You know, I read, for example, that when the Europeans went, especially into the Pacific, especially the Pacific Islands, this happened to many, certainly Stone Age people that they came across, that they were prone to distribute steel axes like they were nothing.
Well, these are people who, if you were the big man in the kingdom, you had a really nice stone axe, and those bloody Europeans came along and were giving away steel axes like they were nothing.
It was a little on the demoralizing side, you might say.
It's the equivalent of the atomic bomb.
It's a game changer.
Exactly. Absolutely.
Okay, so you said that the antithetical history would be, well, the black people owned the land, and so all black people are the same people, and they had a concept of ownership, and ownership applied despite the fact that these were widely dispersed,
nomadic. Tribesmen.
Ownership applied to all the land, like over what district?
I mean, that's something that's sort of ambivalent.
You said when the scouts went north, they found huge tracts of land that were unoccupied.
I mean, even in European, say British, English, British common law now, if you leave a tract of land uninhabited, if there isn't...
Tract of land that's uninhabited and someone comes along and improves it and builds a domicile, at some point they obtain rights over it.
Because there's a deep principle that if you're not using the land, it doesn't belong to you.
Certainly not intrinsically and even under a contract.
Because you can end up with, and you know, squatters' rights can obviously be taken too far.
But we should note that there is a principle that if you're not using it, you don't own it.
Right.

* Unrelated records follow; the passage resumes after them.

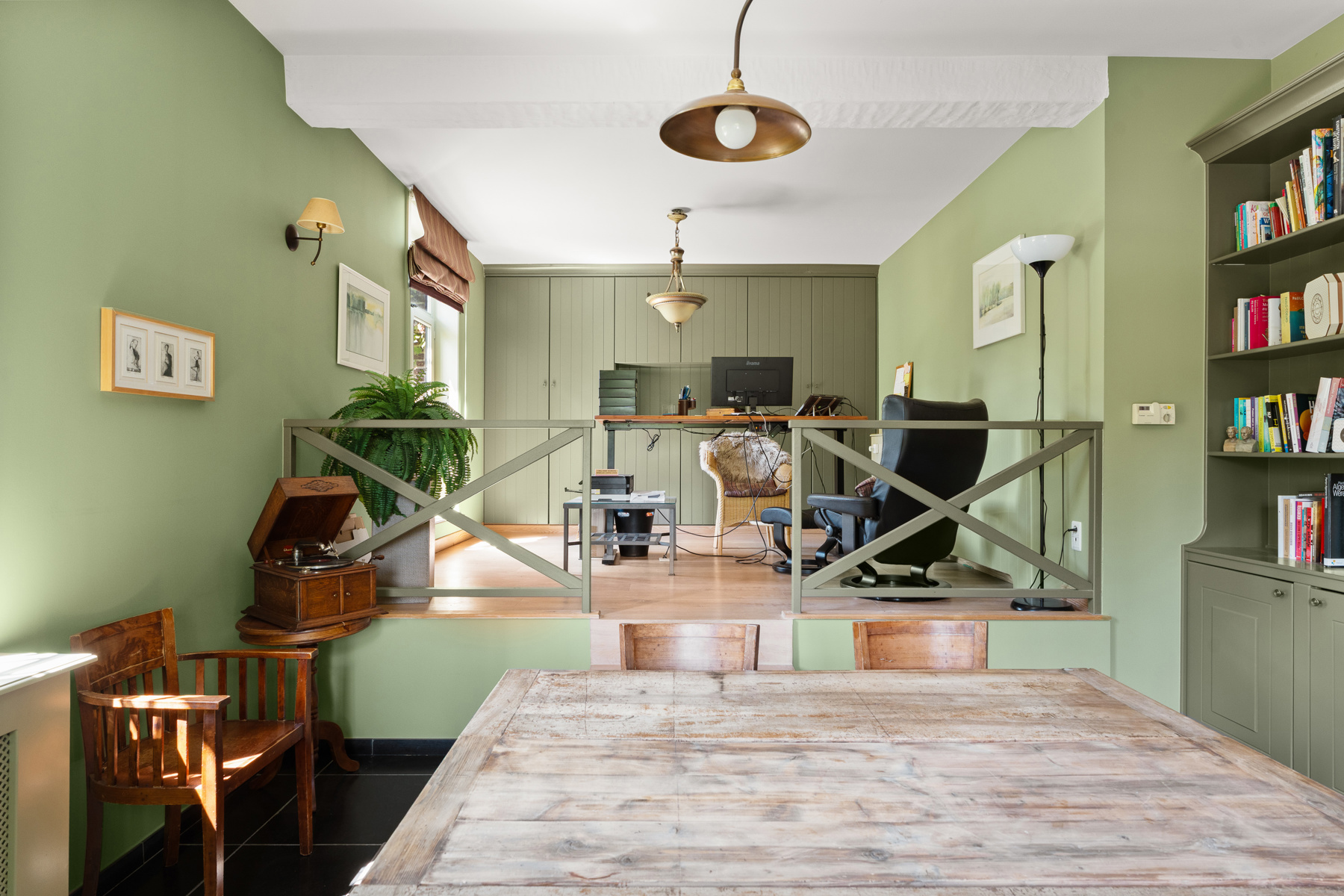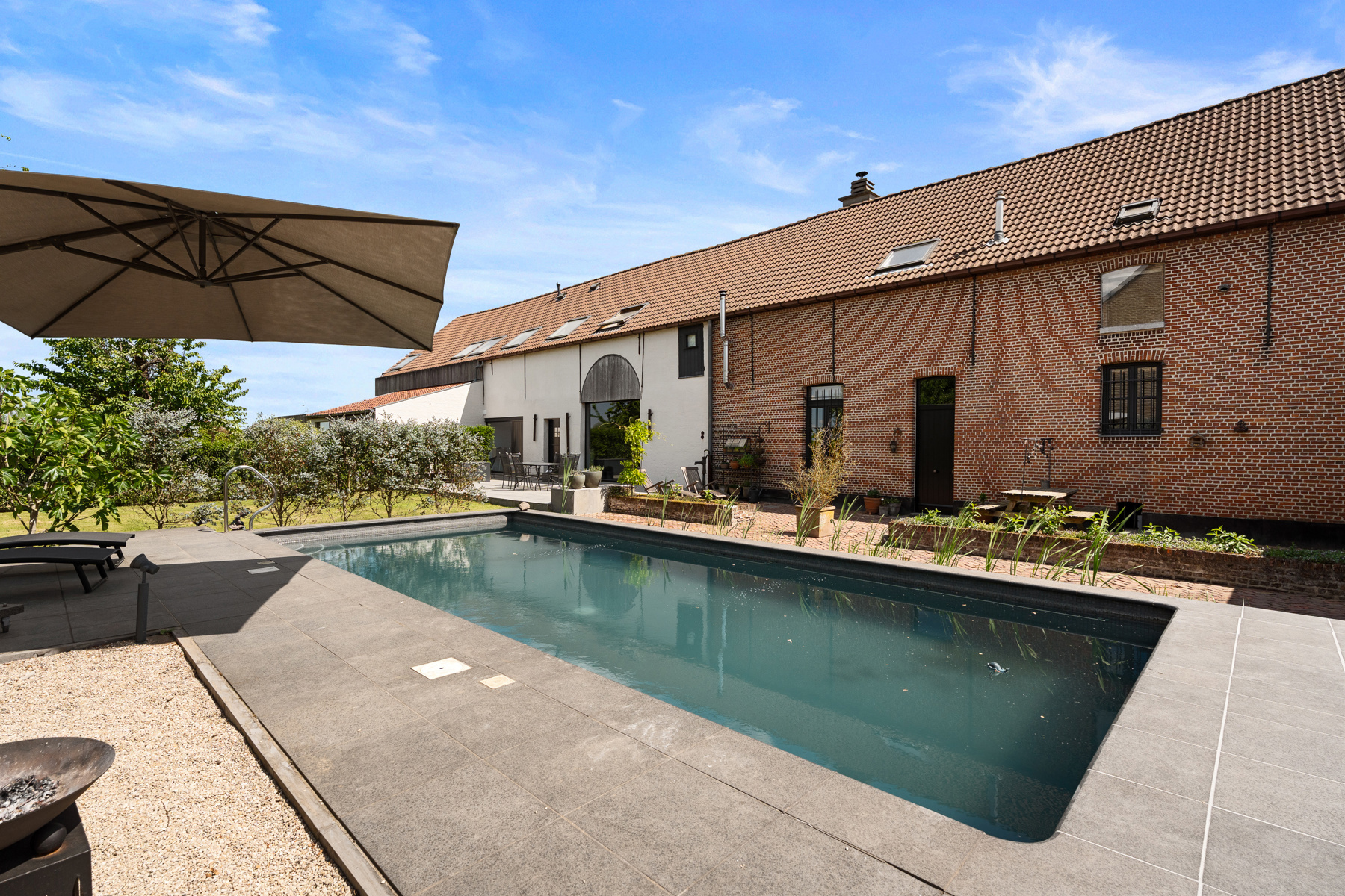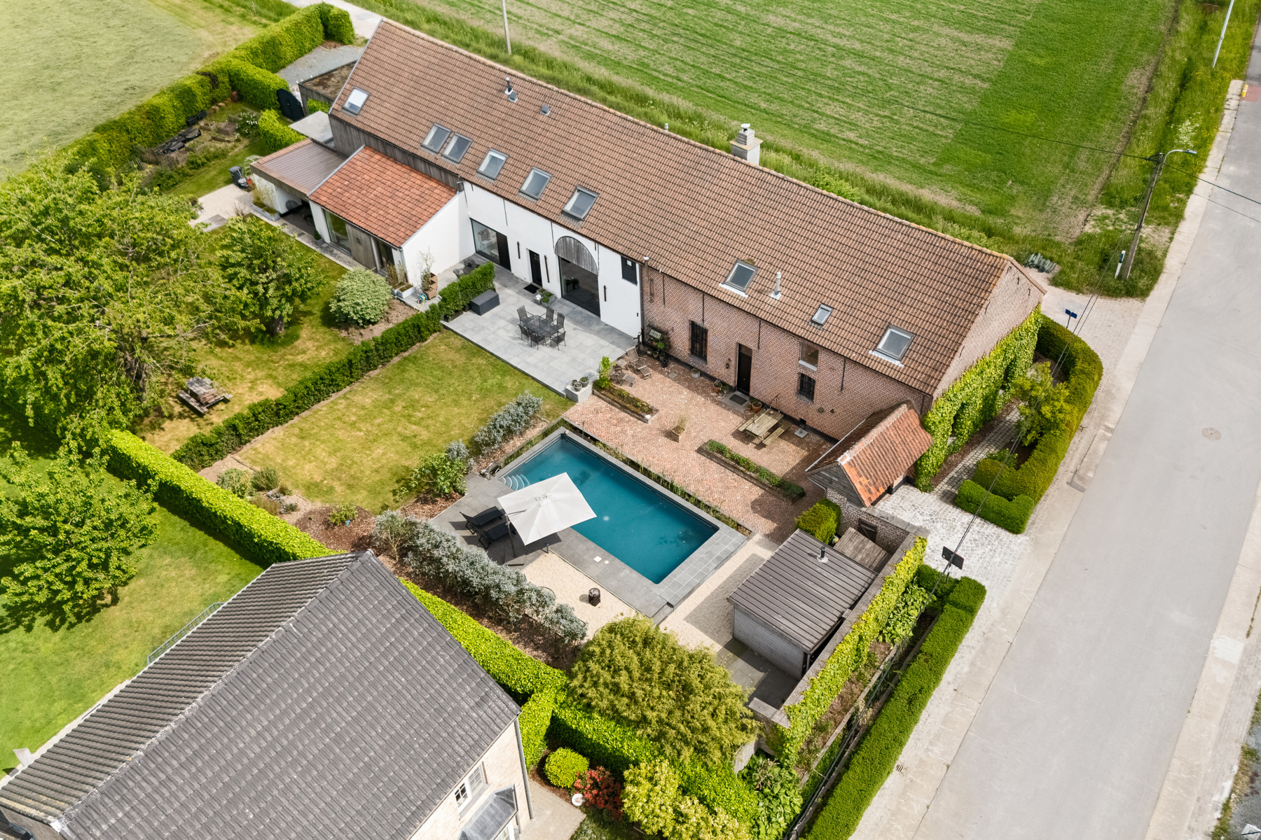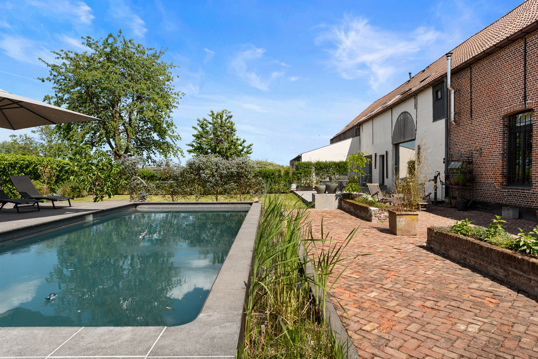 Deze voormalige woonstal ademt karakter dankzij authentieke elementen zoals natuursteen, parketvloeren, zichtbare baksteen en een imposant keukenplafond. De keuken met Boretti-gasfornuis en industriële details vormt het kloppende hart van de woning. Riante leefruimtes baden in het licht en worden in de winter gezellig verwarmd door twee pelletkachels. De inrichting in stijlvolle “Flamand”-stijl is tot in de puntjes uitgewerkt. Verder beschikt de woning over een royale bureauruimte van 27,8 m² en een tweede werkplek van 12 m². De verdieping biedt verfijnde slaapkamers, een master met ensuite en dressing, en een tweede badkamer met zwembadzicht.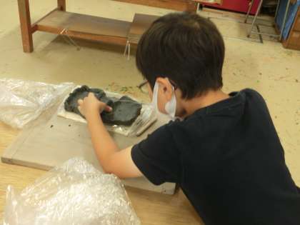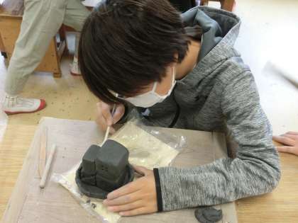 5年生の図工「水と○○」では真剣に取り組んでいます。今日のめあては「細かい小さなところにもこだわってつくりこもう」です。一人一人、めあてに向かって活動できました。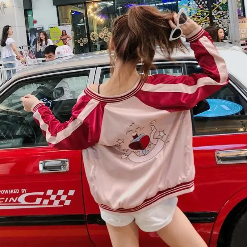 Двухсторонняя куртка-бомбер Yokosuka, атласная бейсбольная куртка на молнии, ретро-стиль, с вышивкой, сердца, парные летные костюмы, кардиган в стиле Харадзюку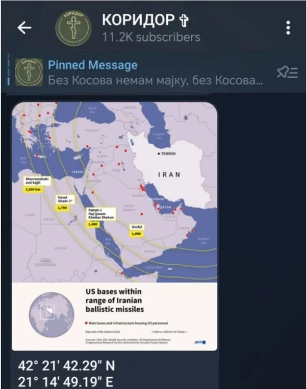 Më herët edhe në këtë kanal janë publikuar koordinatat e kampit Bondsteel me përshkrimin: “Koordinata për iranianët, këtu jeton [kryeministri izraelit Benjamin] Netanyahu dhe të gjithë armiqtë tuaj”.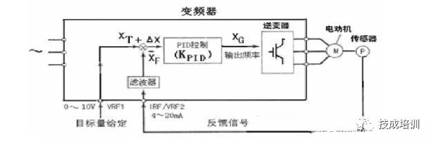 该控制是一种闭环控制。控制方式有两类:一是用速度传感器将电动机的转速作为反馈信号,以提高电动机的速度控制精度;另一类是将间接物理量如压力、流量、温度等通过传感器转换为电信号,反馈回变频器,以提高这些间接控制量的控制精度。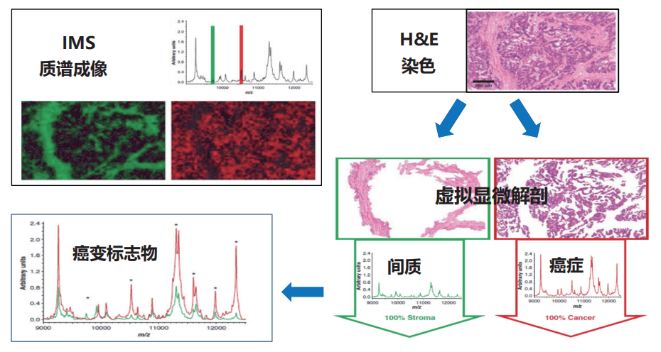 通过HE染色技术可以看到癌变组织与间质差异,而通过癌变与间质质谱成像图谱比较证实了差异峰存在。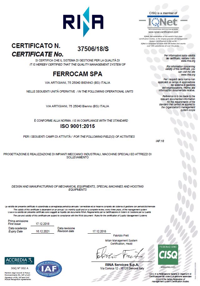 Raggiunta la certificazione di qualità ISO 9001:2015 rilasciata dal RINA.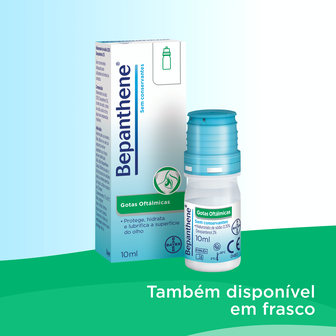 APLICAÇÃO Separe uma monodose. Certifique-se que cada monodose está intacta. Para abrir a monodose, torça a tampa achatada (não puxe). Incline a cabeça ligeiramente para trás, olhe para cima e afaste a pálpebra inferior do olho e aplique uma gota no saco conjuntival do olho 3-5 vezes ao dia. Feche os olhos lentamente para permitir uma distribuição uniforme do líquido na superfície ocular. Se o desconforto persistir ou piorar, consulte o seu oftalmologista. ADVERTÊNCIAS E PRECAUÇÕES ESPECIAIS DE UTILIZAÇÃO • Não utilize o produto se a monodose estiver danificada. • Não toque com a monodose no olho. • Não utilize se for alérgico a qualquer um dos ingredientes. • Em casos muito raros, a aplicação de gotas oftálmicas pode causar irritação em olhos muito sensíveis. • Apenas para uso único; como Bepanthene® Gotas Oftálmicas não contém conservantes, qualquer solução que não seja utilizada de imediato após abertura da monodose deve ser rejeitada. • Se utiliza outras gotas/pomadas oftálmicas, aguarde aproximadamente 15 minutos. Bepanthene® Gotas Oftálmicas deve ser sempre utilizado no final. • Não utilize em caso de infeção ou ferida ocular. • Durante um breve período de tempo após a aplicação pode ocorrer visão turva temporária; evite conduzir, utilizar máquinas e aguarde até que a visão volte ao normal. • Não utilize as gotas oftálmicas após o final do prazo de validade indicado em cada monodose, e na embalagem exterior. CONSERVAÇÃO Conservar a uma temperatura entre 2ºC e 25ºC. Não congelar. Conservar as monodoses na embalagem exterior para proteger da luz.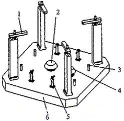 1.壓板 2.彈性定位銷 3.定位銷 4.彈性定位銷 5.調(diào)整螺栓 6.底板圖2 工序1專用夾具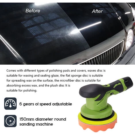 Dieser kabellose elektrische Polierer verwendet einen bürstenlosen Motor, muss die Kohlebürste nicht häufig austauschen und bietet eine lange Betriebszeit. Selbstklebende Ablage an der Unterseite zum einfachen Austauschen des Schleifpapiers. 6 einstellbare Geschwindigkeitsstufen, die Sie nach Ihren Wünschen einstellen können Anforderungen leicht. Dies ist eine Rundschleifmaschine mit einem Durchmesser von 150 mm, die praktisch ist, um Ihre Arbeitsanforderungen zu erfüllen.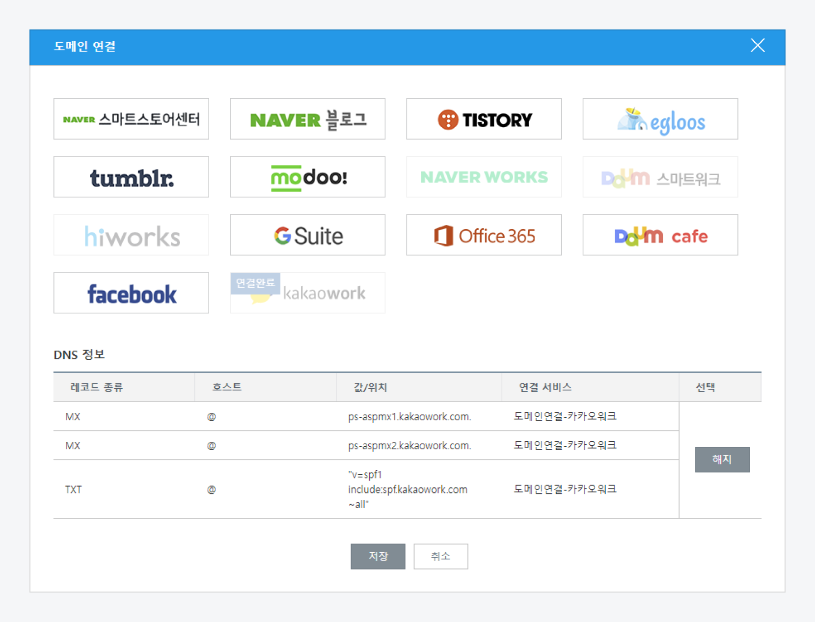 신규로 구입했거나, 기존에 사용하던 도메인을 카카오워크 메일 서비스와 연동하기 위해서는 [MX/SPF 레코드 연동](#record), [메일 도메인 추가](#add), [계정 연동](#account) 작업을 차례로 수행해야 합니다.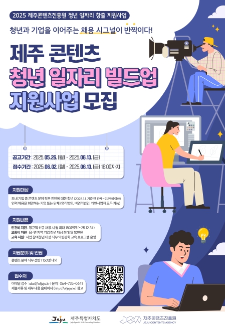 [뉴스서울] 제주콘텐츠진흥원은 제주특별자치도와 함께 청년 일자리 창출과 도내 콘텐츠 산업 활성화를 위한 신규 일자리 지원사업인 「2025 제주 콘텐츠 청년 일자리 빌드업 지원사업」의 참여기업을 모집한다.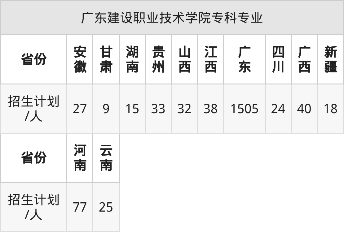 广东建设职业技术学院面向广西(40人)、甘肃(9人)、河南(77人)、安徽(27人)、广东(1505人)、新疆(18人)、云南(25人)等12个地区开展专科招生。招生批次为专科批。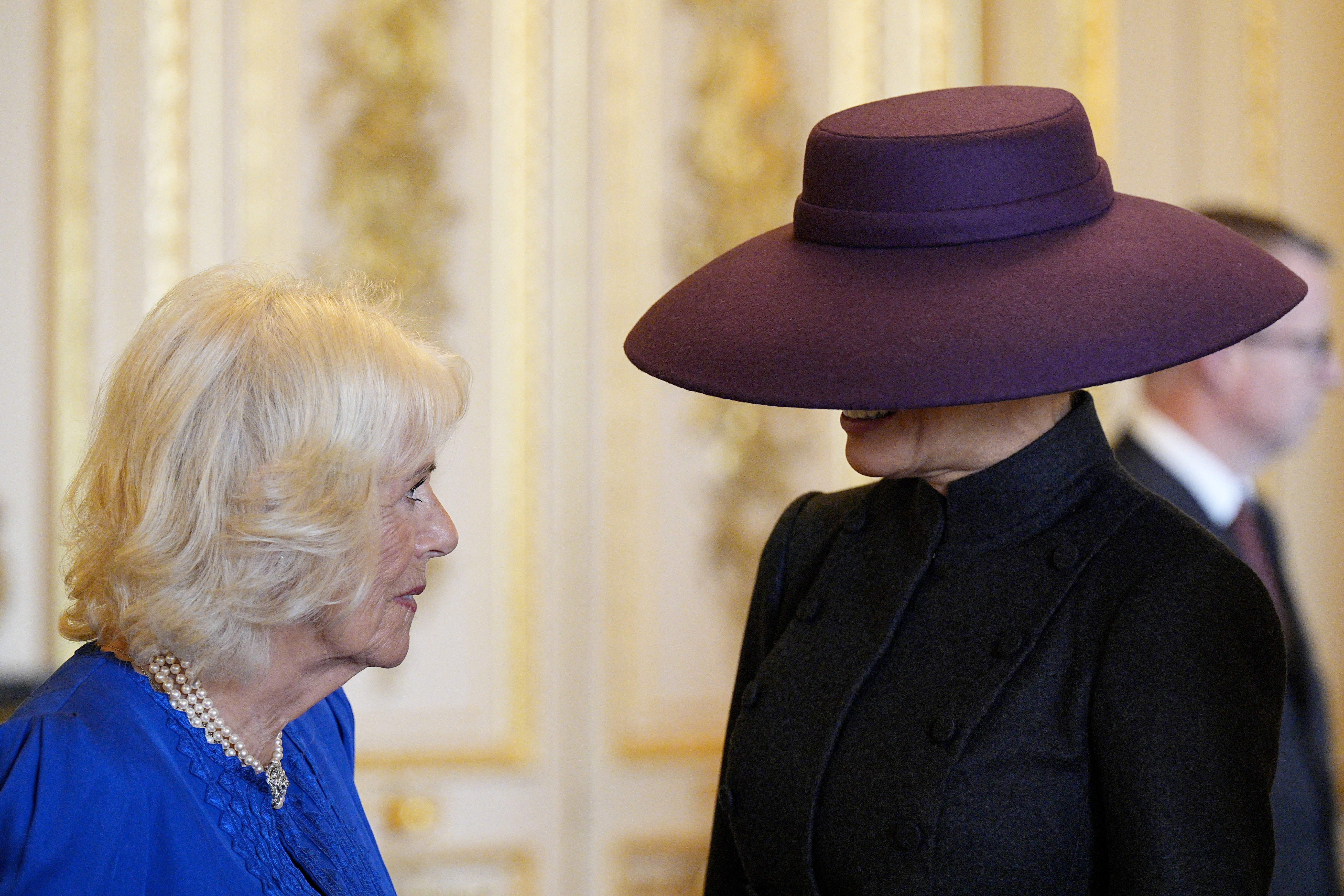 Prva dama slovenskih korenin Melania je medtem kraljici Camilli poklonila broško znamke Tiffany, z rubini – njenim rojstnim kamnom – in diamanti, rojstnimi kamni Melanie Trump.

It's the Dutch legal principle of res nullius is a piece of land or property that doesn't belong to anyone because there's no one there.
Right. And so a res nullius is something that you can occupy.
But that's not the narrative.
That's not the mainstream narrative.
I think there are very few historians who actually push this mainstream narrative.
I think most historians who are worth their salt...
Now that the history of land ownership in South Africa is much more complex.
Well, then that begs the question.
And now we can, let's turn from the historical to the more political, and then we'll start talking about the current day in South Africa.
Because I think we laid the groundwork quite nicely.
So, the typical observer of South Africa pretty much buys the land was inhabited by the black people, and then the white people came and stole it.
They buy that narrative.
Right. So, given the complexities of the situation, and the fact that, as you just pointed out, most historians, worth their salt, tell a story that's somewhat approximately akin to the story you just described, why is it that that isn't the story that's widespread in the West as such?
Why do you think that is?
That is a very good question, and I think it...
I think it deserves a long answer, and I might not have the full answer.
Yeah, well, fair enough.
Because I think it ties in with a lot of the problems that the West has in terms of this deep-rooted sense of guilt that Westerners have about their own history, about their own past.
And this oikophobic, I think that's Roger Scruton's term, of sort of hating your own and having a deep sense of remorse for your own history and feeling sorry for that.
I think it's rooted in that.
Down with us mentality, that we are the bad guys and we need to feel sorry for them.
Do you see any of that in South Africa among the Bantu?
No, no.
Like literally none?
Is there any streams of black thought, let's say in South Africa, where there's guilt being manifested for what happened to the Bushmen?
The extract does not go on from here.